# 2ft Turtle Starter Kit



## Horsy (Jun 1, 2007)

How much are these now days at Pet Shops? 
Also, how long do you reckon a 2ft tank would hold two baby turtles?


----------



## SLACkra (Jun 1, 2007)

not long. imo get the big tank first up. no point buying a small tank if you're going to have to get a larger one eventually, simply a waste of $. 

you could also look into diying a bath tub type setup if you have some where to put it.

andrew


----------



## hornet (Jun 1, 2007)

yea, a 2ft would need upgrading in around 6months, start off with a 3ft, eventually you will need a 5-6ft if your keeping indoors but you best bet is to put them outside after a few years.


----------



## hornet (Jun 1, 2007)

the markets near me sell dirt cheap tanks, i would use anytihng over 4ft from the guy tho, i have heard the larger ones are prone to busting, altho might be ok for turtles since it will only be hlaf filled.


----------



## Horsy (Jun 1, 2007)

Okay thanks guys. I was planning on getting an 8ft for when my turtles are fully grown. My cousin has one that she's willing to sell me in a few years. It's huge.


----------



## chrisso81 (Jun 2, 2007)

Don't waste your money mate, get something like a 4 ft to start, maybe even a 6ft. Check out some of the aussie fish forums, 2nd hand tanks go pretty cheap.


----------



## dansfish4tea (Jun 2, 2007)

chrisso81 what are some fish forums that sell tanks? am after more tanks cheap


----------



## darkangel (Jun 2, 2007)

for qlder's there is www.qldaf.com or www.qldcichlid.com
you will need to register to see the livestock and aquarium trader sections


----------



## sxc_celly (Jun 2, 2007)

Scales and Fins (formally known as QLDCICHLID): Im a Mod on this site. Its a Fish and Reptile Forum designed like APS, and its alive everyday, huge amount of members. Youll find what you need for a great price here, and its for QLD people so your in luck. www.qldcichlid.com


----------



## dansfish4tea (Jun 2, 2007)

wat bout nsw


----------



## chrisso81 (Jun 2, 2007)

Try http://www.aceforums.com.au, it's Sydney based.


----------



## ldheav (Jun 2, 2007)

Maty e been careful with second hand tanks 



always check seals on the tanks, second tanks always seem to have a spit or somthing 


keep ure head on those ones 


its not woth teh savings sometimes


a 6 by 18 by 18 are only 200 brand new 

in alot of ways its better just to buy new mate


----------



## Scleropages (Jun 2, 2007)

hornet said:


> the markets near me sell dirt cheap tanks, i would use anytihng over 4ft from the guy tho, i have heard the larger ones are prone to busting, altho might be ok for turtles since it will only be hlaf filled.


 

*they are dodgy tanks ,. best not to give those guys any more $$$ I think.




* I may be drunkin when typing this. (but its still true.)


----------



## sxc_celly (Jun 2, 2007)

Ive bought tanks from them with no worries at all.

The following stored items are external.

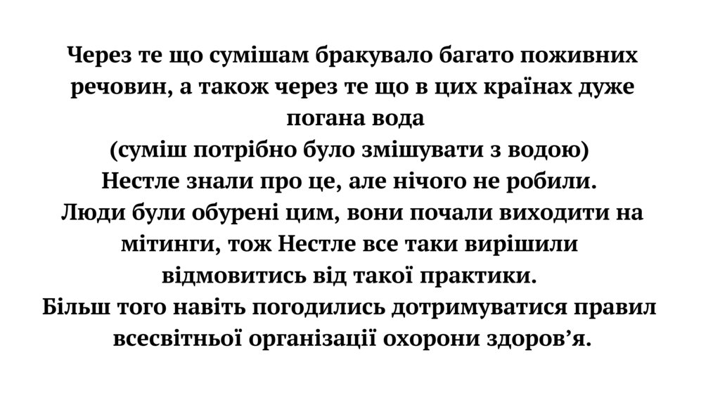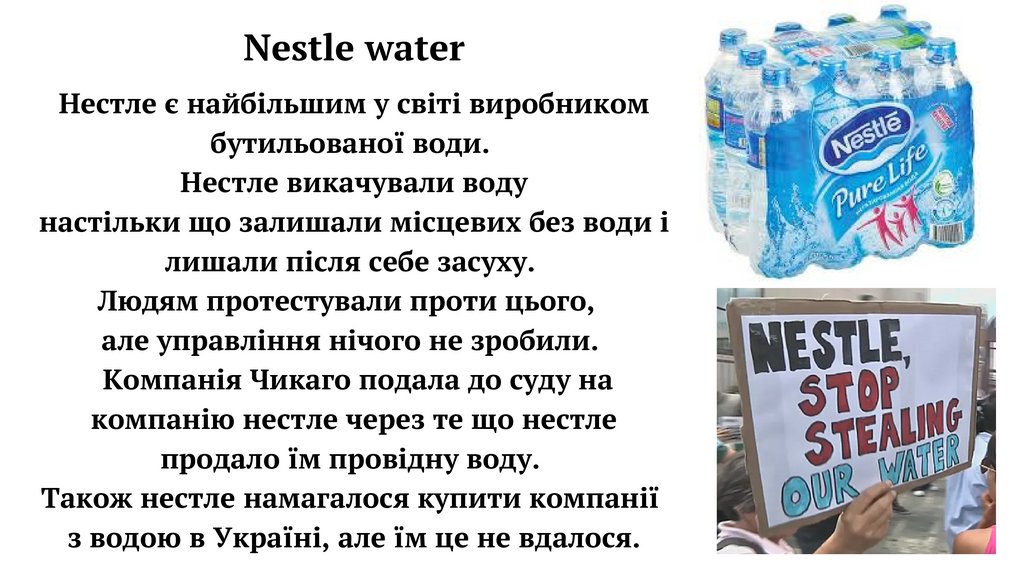 відмовилася допомагати. Нестле є глобальною компанією тому міжнародне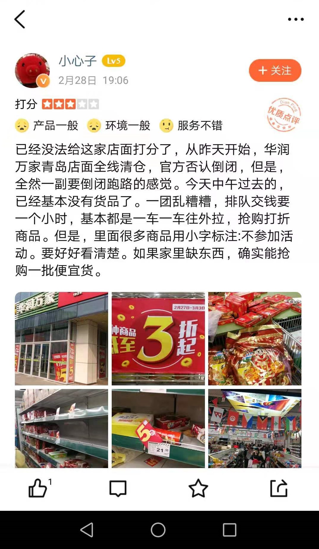 几乎同时,“华润万家超市要撤离青岛”的消息也广泛传播,其在青岛的乐客城、李村万达广场、东方城等多家门店也在进行打折促销。在大众点评上,很多网友反映华润万家超市的商品特别便宜,且多数货架已清空。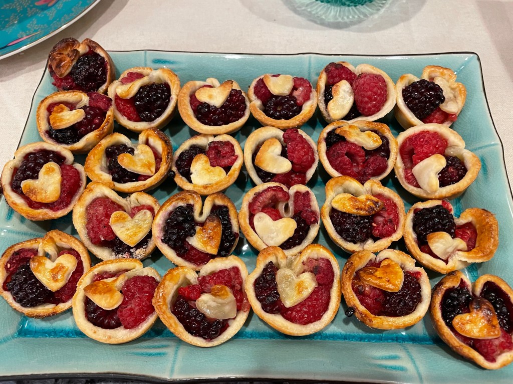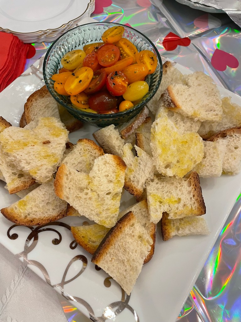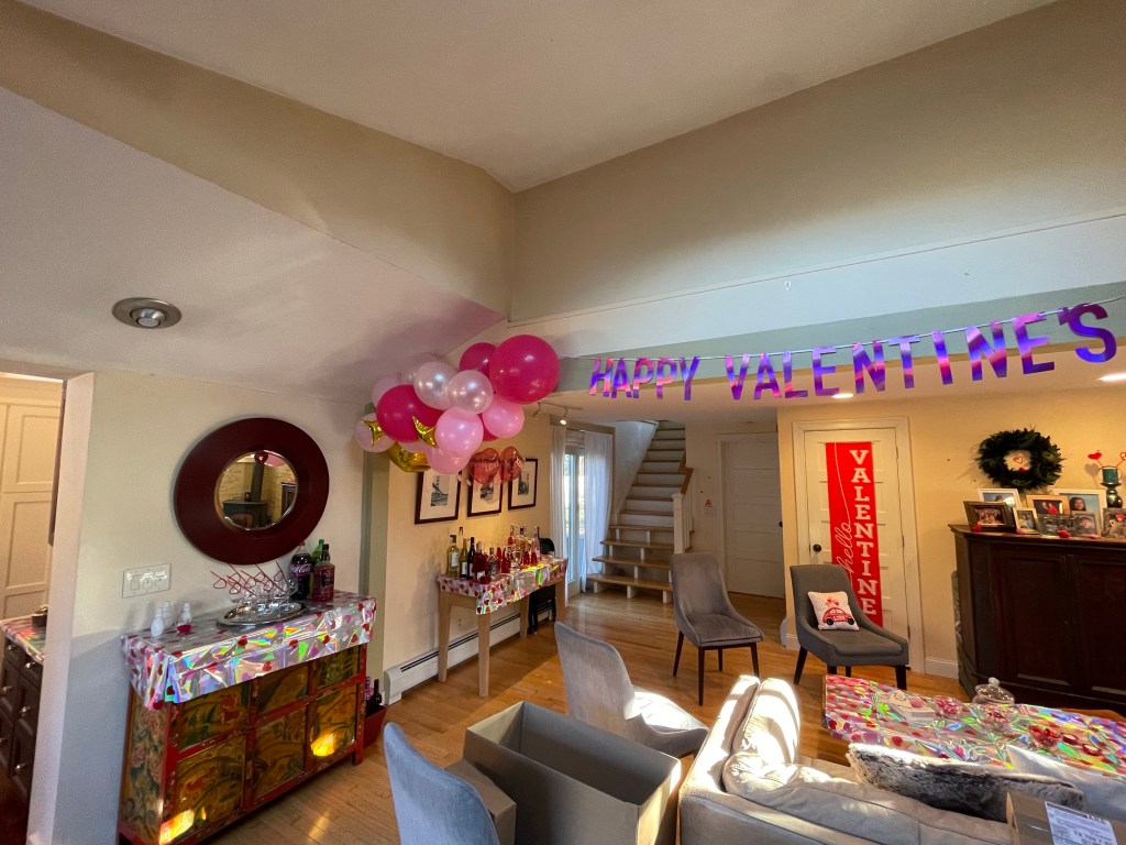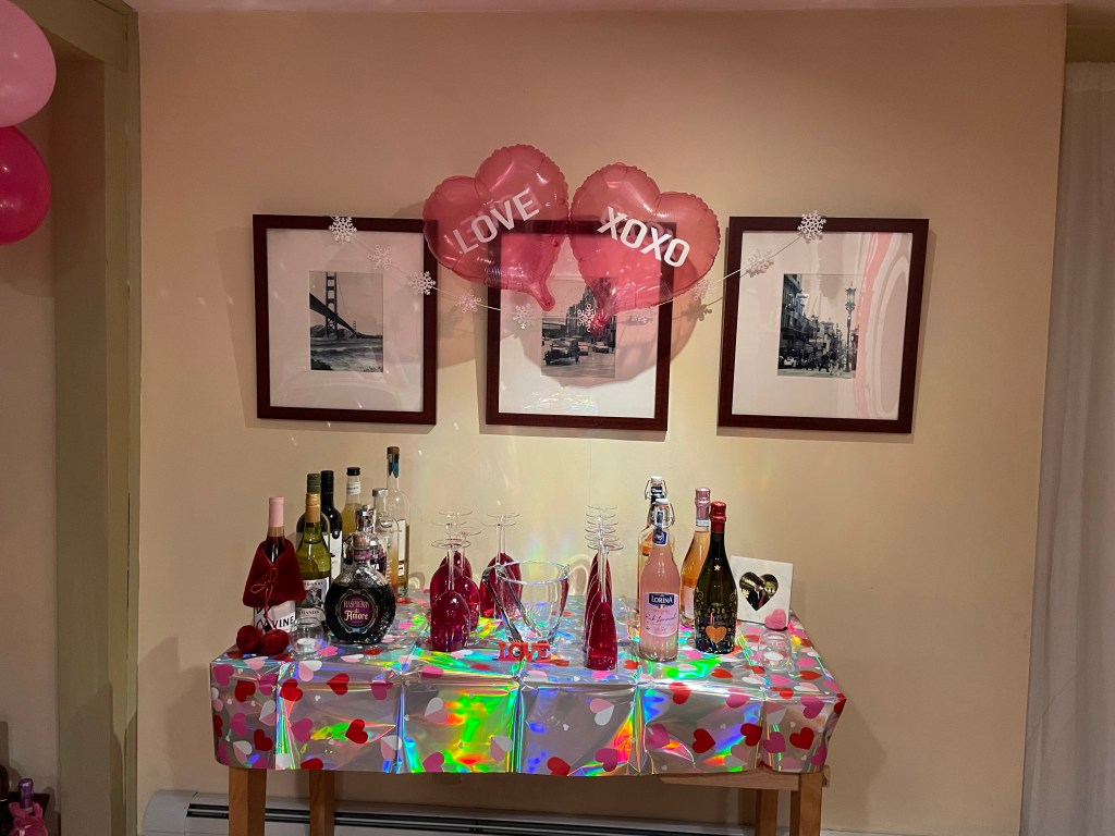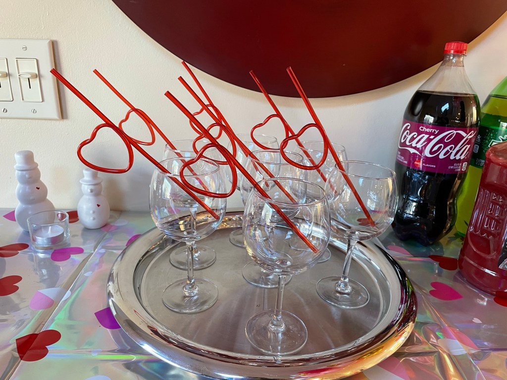 Every room in the house was heart studded in pink and red. So pretty. I planned on making heart-shaped apps and desserts, then to have my husband shake valentine themed drinks. It worked out great. We even set up a mocktail station for our non-drinkers and the young adults.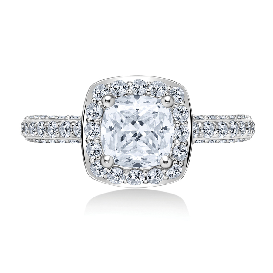 Each “Kollection” features unique design details that may be translated many different ways to reflect the couple choosing the ring. The Pyramid Kollection focuses on the pointed stud motif reminiscent of the iconic symbol he has used in many edgy accessory designs. This reoccurring design leads up the ring shank enhancing the center diamond.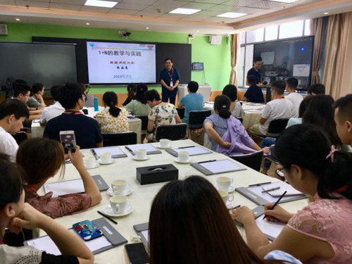 培訓(xùn)第二天,希沃邀請(qǐng)到云南師范大學(xué)的朱云東教授,為此次參與研修班的老師開展題為“此題目為《1+N的教學(xué)與實(shí)踐》的專題講座。朱教授結(jié)合自身教育教學(xué)經(jīng)歷,暢談信息化的必要性和深化發(fā)展,感慨教育信息化進(jìn)一步促進(jìn)教學(xué)均衡發(fā)展,因此堅(jiān)定不移推廣1+N教學(xué)模式。利用人工智能+教育,實(shí)現(xiàn)一校帶多校共通發(fā)展,其中數(shù)據(jù)分析、專家指導(dǎo)、加強(qiáng)教師信息化能力尤為重要,主講教師和助教教師協(xié)同合作,進(jìn)一步融合教學(xué)。

Theyve only ever been quite small (2ft or smaller) and ive heard rumors the larger ones collapse. Id def be buying at least a ft tank now. This will last them up to 2 years+ and then you'll have the 8ft you spoke of, by the time they outgrow it. You can find cheap 4fters on eBay, trading post, wkend shopper, and www.qldcichlid.com (forum - you need to sign up for free). You can find a 4ft with hood and stand for $150 or less, theyre out there you just have to search  GOOD LUCK


----------